• **Source data**

------

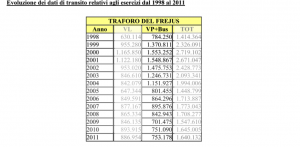 Tenete conto che i dati anomali del periodo 1999-2004 sono dovuti alla chiusura del tunnel del Monte Bianco, dopo la tragedia del 1999 e la riapertura nel 2002[1]. Come vedete, da quel momento c’è un inesorabile ritorno ai valori, che questo punto dobbiamo considerare fisiologici, del 1998 pre-incendio. Meno di 800.000 veicoli all’anno, che ne fanno – secondo le cronache locali del 2007 – un’autostrada inutile: “…viene fuori la conferma che l’autostrada della valle di Susa è una delle meno frequentate dai TIR. Se paragonato al traffico pesante, che secondo Anas paralizza i tratti più intasati della rete autostradale del nord Italia (Milano-Bergamo sulla Serenissima e Modena-Bologna sull’Autofiori) l’Autofrejus è quasi un’autostrada inutile. Nella mappa dei flussi dei TIR dove le autostrade sono disegnate più spesse e con colori vivaci a seconda di quanti TIR ospitano, l’A32 quasi non si vede. Una conferma l’abbiamo tutte le volte che percorriamo l’autostrada nei giorni feriali. Effettivamente durante il giorno, da Avigliana al Frejus, di TIR se ne vedono veramente pochi: in un’ora, venerdì mattina, una trentina quelli in transito e una ventina in attesa del passaggio nel tunnel”. Luna Nuova del 9/2/07, Massimlliano Borgia, pag. 3.
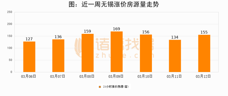 根据诸葛找房数据显示,无锡24小时涨价房源量为155套,较03月11日增加21套,环比上涨15.7%。与此同时,涨价房源占比小幅扩大,业主信心有所提升。
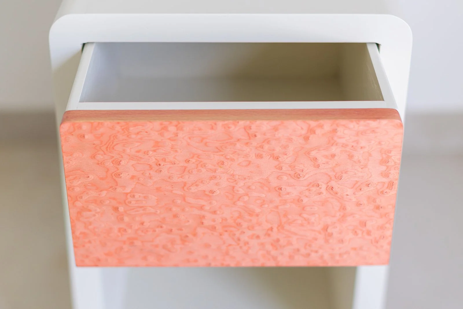 Una mesita hecha en madera maciza lacada en color crema con frente de cajón rechapado en raíz de roble teñido en color rosa. Se trata de un diseño moderno y funcional, un toque original para un dormitorio con personalidad.
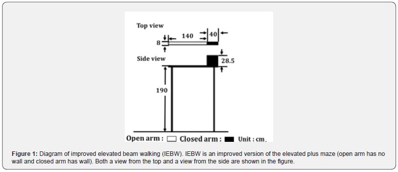 To improve the reproducibility of the experiment with a small sample size, we used the improved elevated equipment (IEBW) diagram to classify the individuality of the rats which consists of an open arm without walls and a closed arm surrounded by acrylic plate walls with a 2 x 4 cm board 190 cm high from the floor [5]. Rats were placed on the tip of the open arm, then allowed to explore the area freely for 3 minutes. Through ANS activity and behavior according to the time spent in the open arm, the rats were divided into two types. L-type rats that stayed in the open arm for a long time (≥60 s) were hypo anxious with lower fear and anxiety toward the height of 190 cm, while S-type rats that stayed in the open arm for a short time (<60 s) were hyper anxious with higher fear and anxiety toward the height. The classified eleven L-type rats were used in this present study (Figure 1).
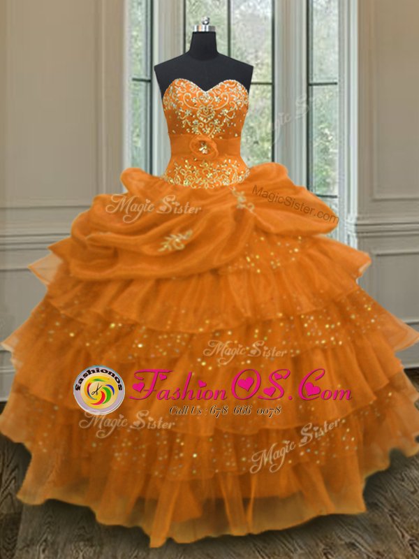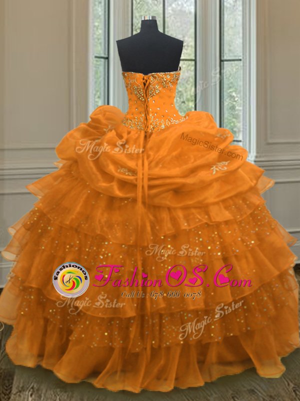 Orange Lace Up Quinceanera Gown Beading and Ruffled Layers and Pick Ups Sleeveless Floor Length
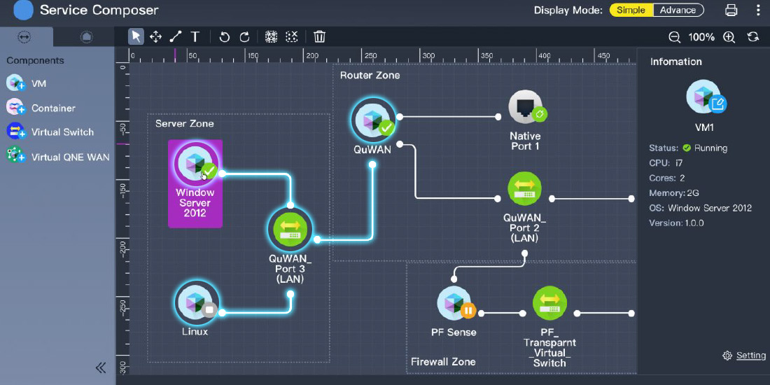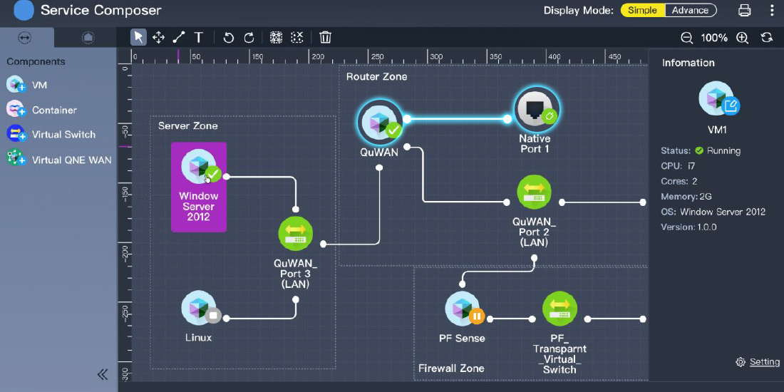 The QNE Network OS offers the innovative Service Composer for chaining virtual networks, systems, and services. With a visual network topology and intuitive drag-and-drop operation, the Service Composer helps IT administrators efficiently deploy virtual network services on QuCPE Network Virtualization Premise Equipment, thus accelerating enterprise network infrastructure deployment.
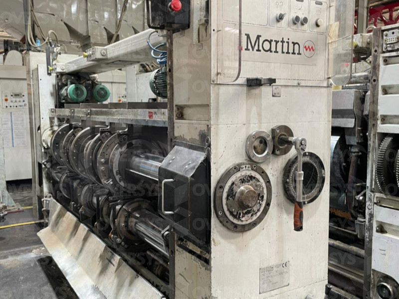 We present MARTIN 1224 3 COLOR FLEXO FOLDER GLUER INLINE WITH ROTARY DIE CUTTER, max format 1100mm x 2460 mm / 43.30" x 96.85", manufactured in 1995.
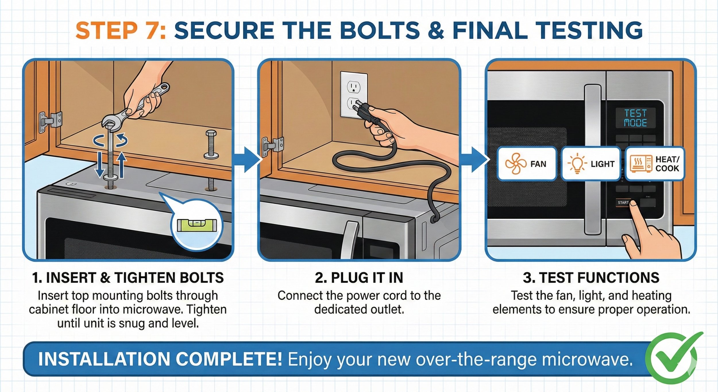 Insert the top mounting bolts through the cabinet floor and into the top of the microwave. Tighten them until the unit is snug and level. Plug it in and test the fan, light, and heating elements.
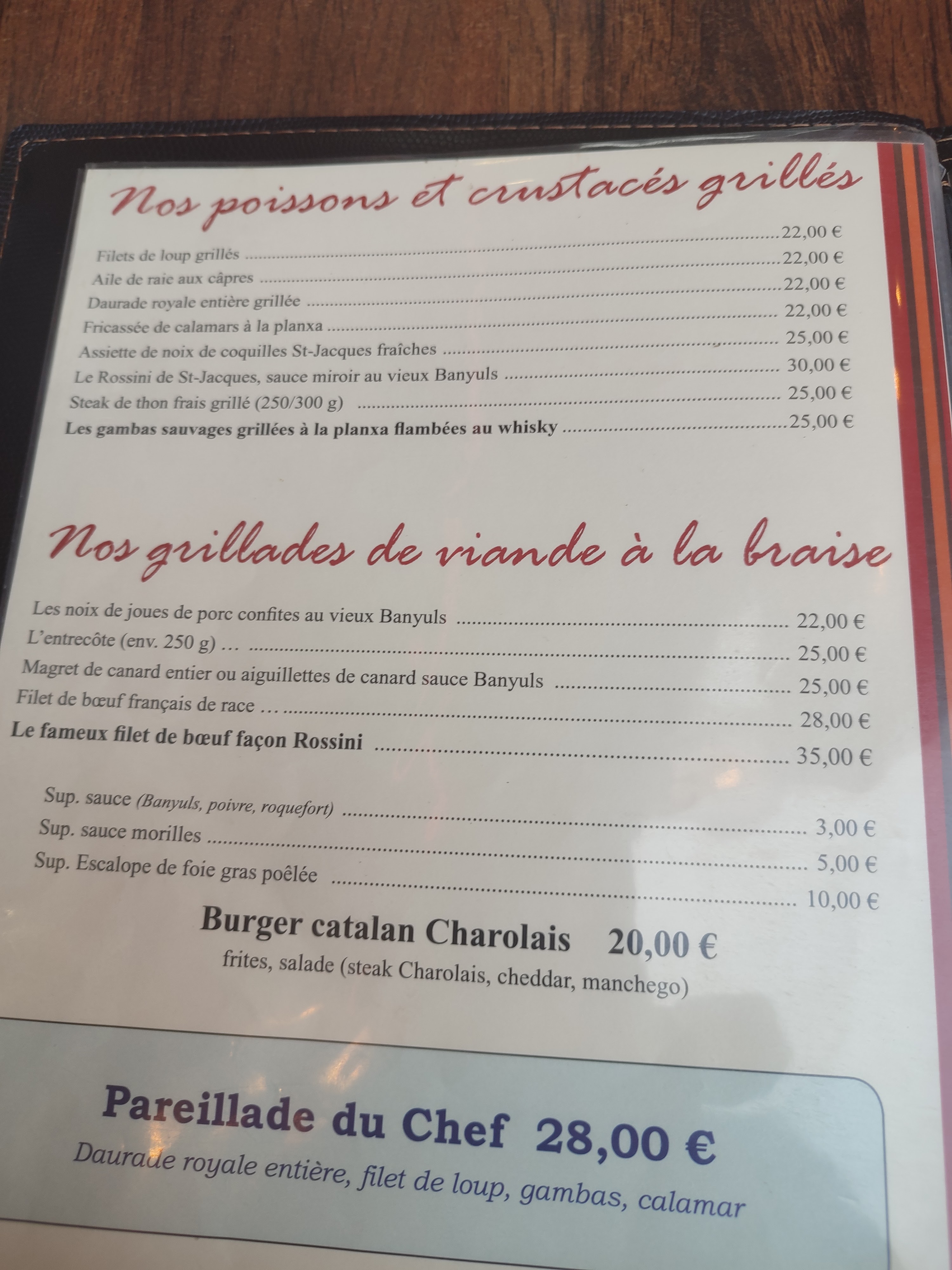 Joues de porc au vin de Banyuls au top . Parillada Poisson au top. Merci de cette bonne cuisine.
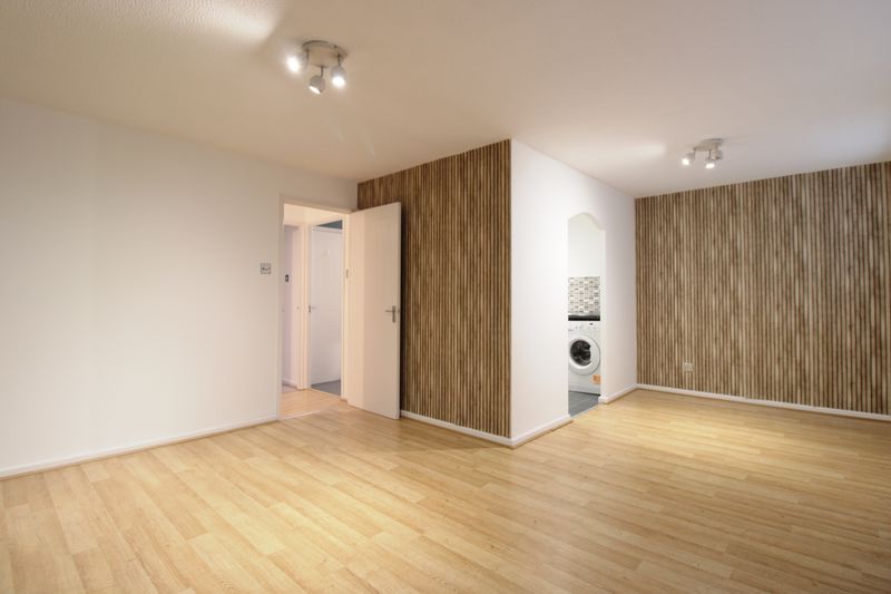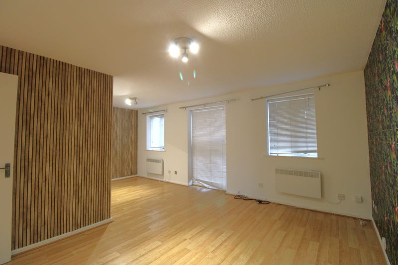 Windows to the front elevation, laminate flooring, tv point, light point, room for a dining table and storage space.
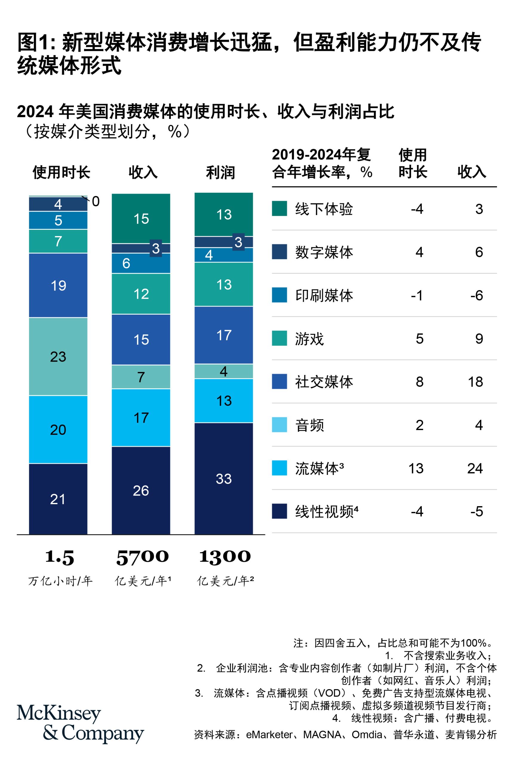 毫不意外,内容、平台与设备的爆发式增长,稀释了消费者的整体注意力,也让企业更难将不断变化的参与习惯有效转化为收入。近年来,经通胀调整后的媒体收入基本停滞。尽管社交媒体、视频流媒体与数字音频的消费时长持续攀升,但其带来的消费者支出与利润水平,仍难以比肩有线电视、传统纸质出版物、电影院及其他实体媒介。总体来看,数字媒体的收入和利润占比,往往低于其消费时长占比(图1)。
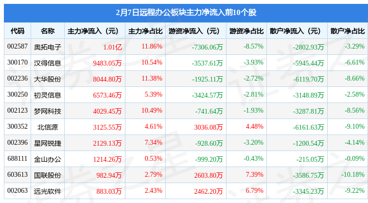 从资金流向上来看,当日远程办公板块主力资金净流出3.52亿元,游资资金净流入1.54亿元,散户资金净流入1.99亿元。远程办公板块个股资金流向见下表:
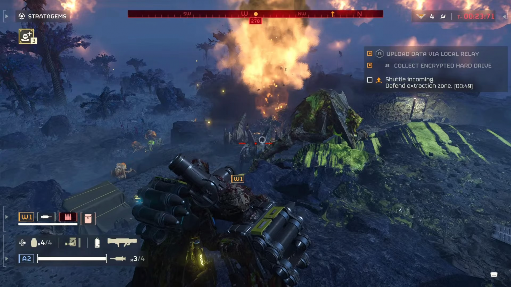 Neben den Hauptwaffen dieses Builds sind die Orbital Railcannon Strike, die Eagle 500Kg Bomb und der A/MLS-4X Rocket Sentry die am meisten Chaos erzeugenden Kriegsgefechte im Spiel. Der Orbital Railcannon Strike feuert immer einen Schuss auf Panzer ab und die Eagle 500 Kg Bomb verursacht massiven Explosionsschaden, hat aber eine kurze Reichweite, was sie ideal für die Atombombe in einem infizierten Bereich macht.
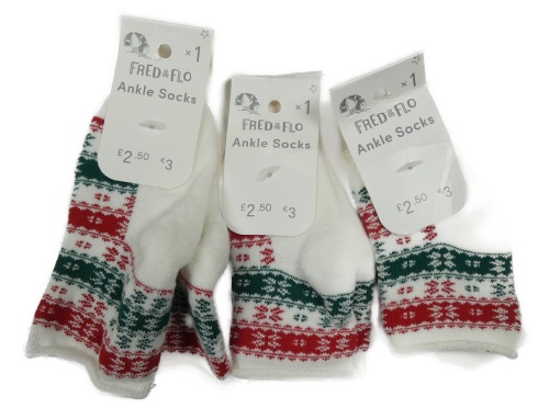 • Nové - 3x - Bílo-tmavočerveno-smaragdové teplé ponožky s vločkami F&F
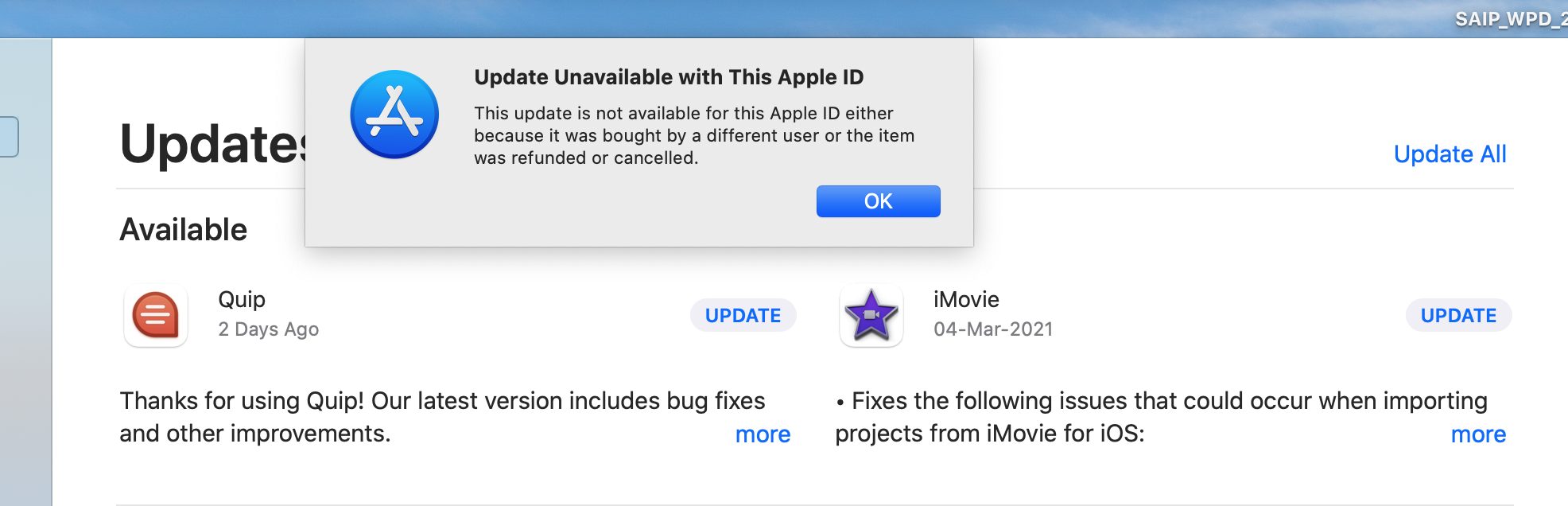 I get the message "This update is not available for this appleID either because it was bought by a different user or the item was refunded or cancelled"

------

• **What you will do**
Set down, word for word, only the lines running from the line with "毫不意外,内容、平台与设备的" through the final line of the entries above, omitting all pictures.

• **Answer to this exercise**
 毫不意外,内容、平台与设备的爆发式增长,稀释了消费者的整体注意力,也让企业更难将不断变化的参与习惯有效转化为收入。近年来,经通胀调整后的媒体收入基本停滞。尽管社交媒体、视频流媒体与数字音频的消费时长持续攀升,但其带来的消费者支出与利润水平,仍难以比肩有线电视、传统纸质出版物、电影院及其他实体媒介。总体来看,数字媒体的收入和利润占比,往往低于其消费时长占比(图1)。
 从资金流向上来看,当日远程办公板块主力资金净流出3.52亿元,游资资金净流入1.54亿元,散户资金净流入1.99亿元。远程办公板块个股资金流向见下表:
 Neben den Hauptwaffen dieses Builds sind die Orbital Railcannon Strike, die Eagle 500Kg Bomb und der A/MLS-4X Rocket Sentry die am meisten Chaos erzeugenden Kriegsgefechte im Spiel. Der Orbital Railcannon Strike feuert immer einen Schuss auf Panzer ab und die Eagle 500 Kg Bomb verursacht massiven Explosionsschaden, hat aber eine kurze Reichweite, was sie ideal für die Atombombe in einem infizierten Bereich macht.
 • Nové - 3x - Bílo-tmavočerveno-smaragdové teplé ponožky s vločkami F&F
 I get the message "This update is not available for this appleID either because it was bought by a different user or the item was refunded or cancelled"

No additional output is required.